# Kimber Warrior question...



## slip (Nov 21, 2009)

Okay..This pistol has the potential to be my first pistol once I get my FOID card (IL ftl)...

Anyway, I'm thinking about getting the Warrior, obviously. My question is does it have a replacement breachface to hold a .40 and do they sell magazines in .40 for the warrior? 

Thanks!


----------



## VAMarine (Dec 25, 2008)

You'd have to order a whole new slide and barrel assembly for the .40 and probably have them fitted to the frame.

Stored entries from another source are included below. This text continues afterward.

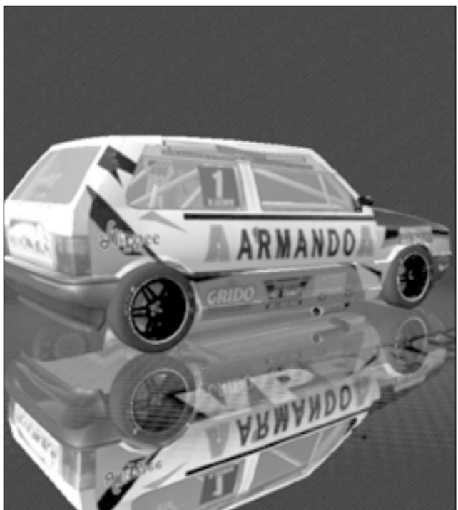
En el mundo virtual Latapié corre en cinco categorías diferentes.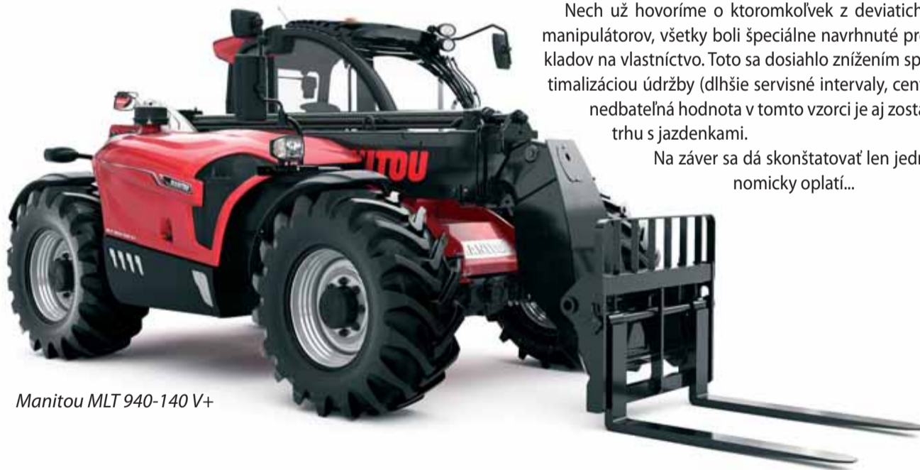
Manitou MLT 940-140 V+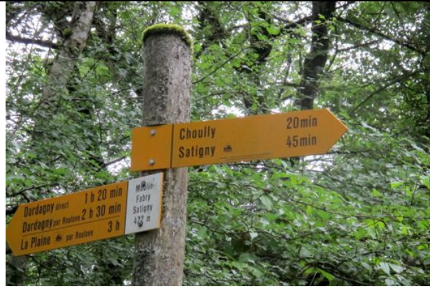
Thoiry , Val Thoiry, Saint Genis ?

Magazines are the easy part, you can get those from MecGar, Tripp Research, Metal Form and a few others.


----------



## slip (Nov 21, 2009)

Thank you. Guess it's not worth it


----------



## VAMarine (Dec 25, 2008)

Why not just buy a 1911 chambered in .40?

What was your original idea and why is it not worth it?


----------



## dondavis3 (Aug 2, 2009)

+1 VAMarine 

:smt1099


----------



## slip (Nov 21, 2009)

VAMarine said:


> Why not just buy a 1911 chambered in .40?
> 
> What was your original idea and why is it not worth it?

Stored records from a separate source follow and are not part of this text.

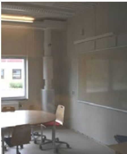
Den gamle installasjonen på grupperommet.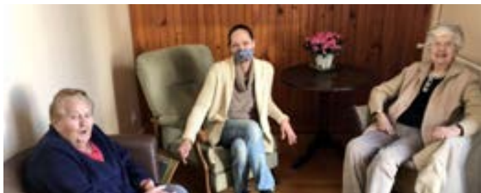
Les Socios de L'AS Saint Etienne - 9 mars : Saint-Vivien-de-Médoc : la maison en colocation pour séniors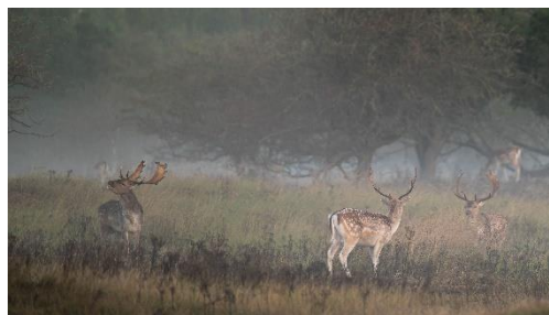
Het burlend hert maakt samen met de andere herten een mooie sfeer.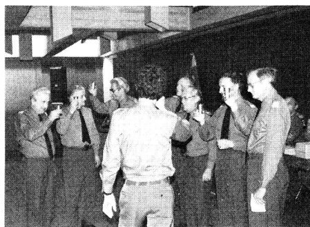
Nomination des vétérans (classe 1923)

Cette assemblée générale, le comité central a voulu l'organiser sur deux jours. Ce n'était évidemment pas la solution la plus facile, mais en entendant les échos et les avis de certains participants, on peut objectivement penser que ces deux jours furent une réussite.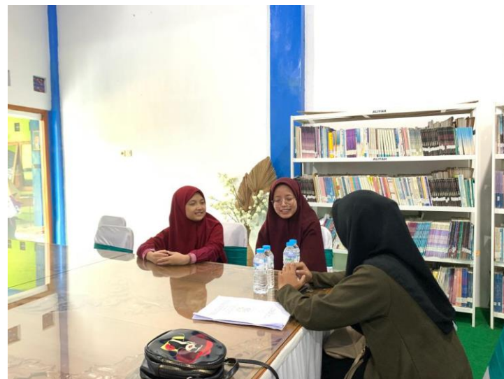
Wawancara Ustadzah bagian bahasa

Well I like the looks and feel of the Warrior; I wouldn't want another kind, at least not for now.

Can I request that they have it set up for .40?

I wanted to use this in USPSA in .40 so I can hold more than 8, but I guess there IS a single stack division


----------



## VAMarine (Dec 25, 2008)

slip said:


> Well I like the looks and feel of the Warrior; I wouldn't want another kind, at least not for now.
> 
> Can I request that they have it set up for .40?
> 
> I wanted to use this in USPSA in .40 so I can hold more than 8, but I guess there IS a single stack division


That would be a custom order and cost a heck of a lot more. With a .40 you're only getting one more round than a .45. It won't make that big a difference. Having had two Kimbers in .40, you're MUCH better off NOT getting a .40 from them.

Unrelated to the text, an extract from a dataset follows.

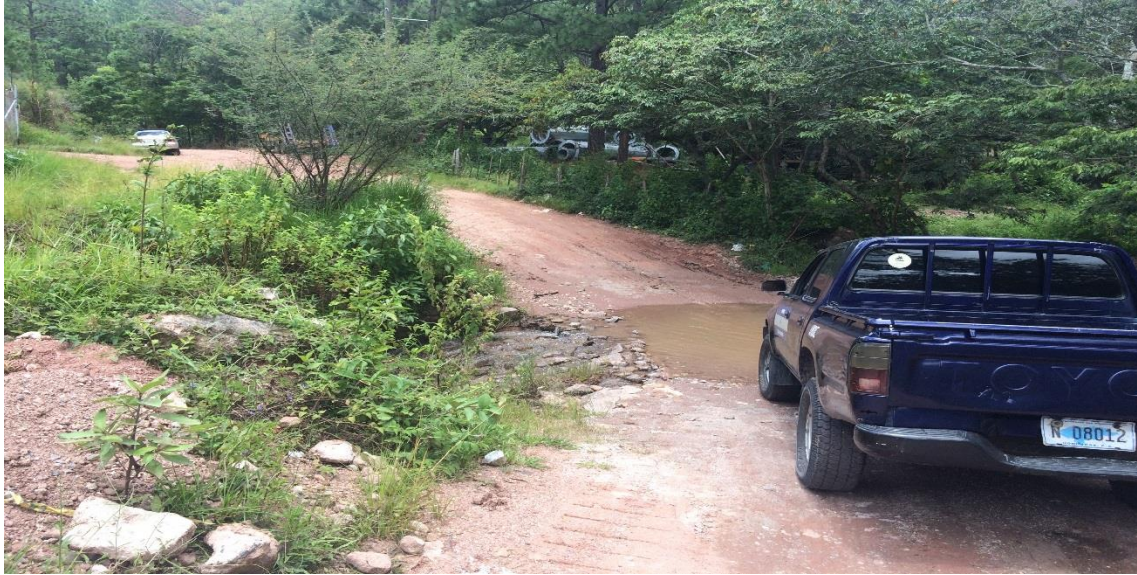
INICIO DE CALLE A REPARAR

Check out Fusion Firearms, they'll build you anything you want at a fair price, they bent over backwards for me on building the spec sheet for what I plan to order. Note I said FAIR price, granted if you were to buy a Warrior and have it switched over to .40, you'd probably be close to the cost of a Fusion 1911.

Also, if you're looking for a USPSA gun, have you checked out the Para Ordnance P16-40? It's a double stack that holds 16rds, you can shoot production with it no problem.

Edited to add:

There are also good selections in .40 from Dan Wesson and STI.


----------



## txgolfer45 (Jun 24, 2009)

If you are set on a .40, get an STI Trojan and then change the grips to look like Warrior grips.


----------